(AGENPARL) – mer 22 febbraio 2023 You are subscribed to Folklife News & Events from the Library of Congress.
The American Folklife Center is kicking off the 2023 Homegrown concert series with a solo performance by the banjo player, fiddler, and singer Jake Blount, an award-winning musician and a scholar of African American musical traditions. Blount’s performance will be part of Live! at the Library, the special series featuring extended visiting hours and special programming every Thursday night. It will also be part of the Black History Month celebrations at the Library of Congress and is presented in cooperation with the Folklore Society of Greater Washington.
The concert will occur on February 23 at 6:00 pm in the Members Room, LJ-162 on the first floor of the Library’s historic Thomas Jefferson Building. The concert is free, but visitors will require a free timed-entry pass to the Library, which can be reserved by selecting “get tickets” at the link. Live at the Library festivities begin at 5:00 pm and the concert is at 6:00. When reserving your pass, please select the entry time closest to when you think you’ll arrive at the Library. If all advance passes are gone, the Library expects to give away some passes at the door.

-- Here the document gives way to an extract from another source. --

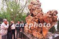 北京beat365中文官方网站校庆之日,由广西清华学子庆贺母校九十华诞敬献“桂韵”奇石安放清华园中,吸引着许多校友驻足观看。中新社记者 张勤 摄
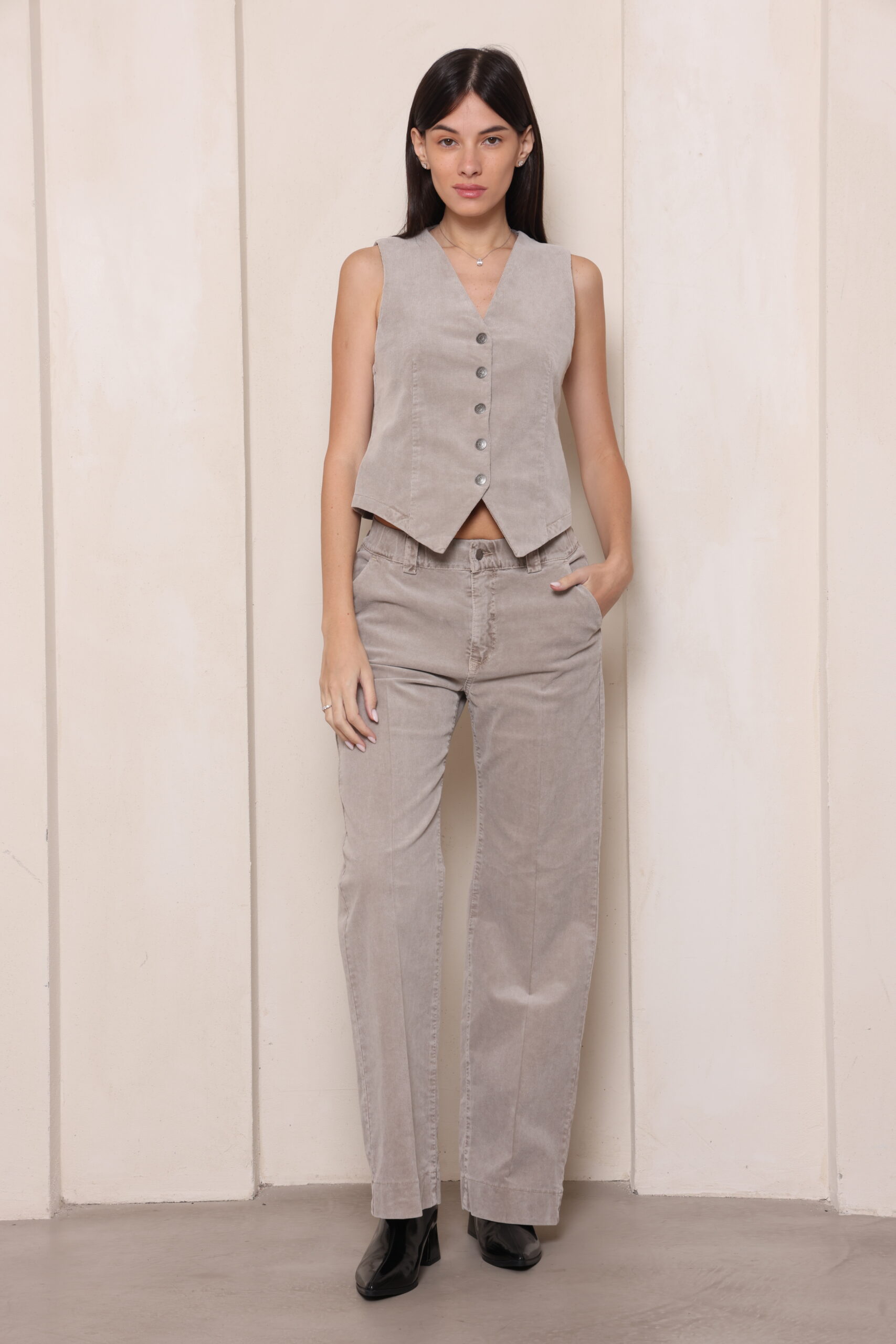 ווסט קורדרוי עם לייקרה וסגירת תיק תקים וכיווץ מחטב בגב

A talented musician and eloquent speaker, Jake Blount speaks ardently about the African roots of the banjo and the subtle, yet profound ways African Americans have shaped and defined roots music and Americana. He highlights the Black and Indigenous histories of popular American folk tunes. His most recent album, The New Faith, presents spiritual music, filled with hope for salvation and righteous anger in equal measure. A fascinating journey into dystopian Afrofuturism, the album takes us to an island in Maine populated by Black refugees after the collapse of global civilization due to catastrophic climate change. it presents songs of resilience, their bones imbued with the spirit of survivors – the ancestors who endured slavery, Jim Crow, police brutality, the impacts of a pandemic that has disproportionately affected communities of color – and their strength is the music’s lasting impression. Blount, like his heroes Octavia Butler and N.K. Jemisin, uses parables of the future as a lens to investigate the present with a brutal but affecting honesty. About half of the songs on The New Faith were sourced from field recordings in our collections in the American Folklife Center archive at the Library of Congress. AFC is therefore thrilled to work with other Library offices and with the Folklore Society of Greater Washington to bring both Jake Blount and his songs home to the Library of Congress. We hope to see you there!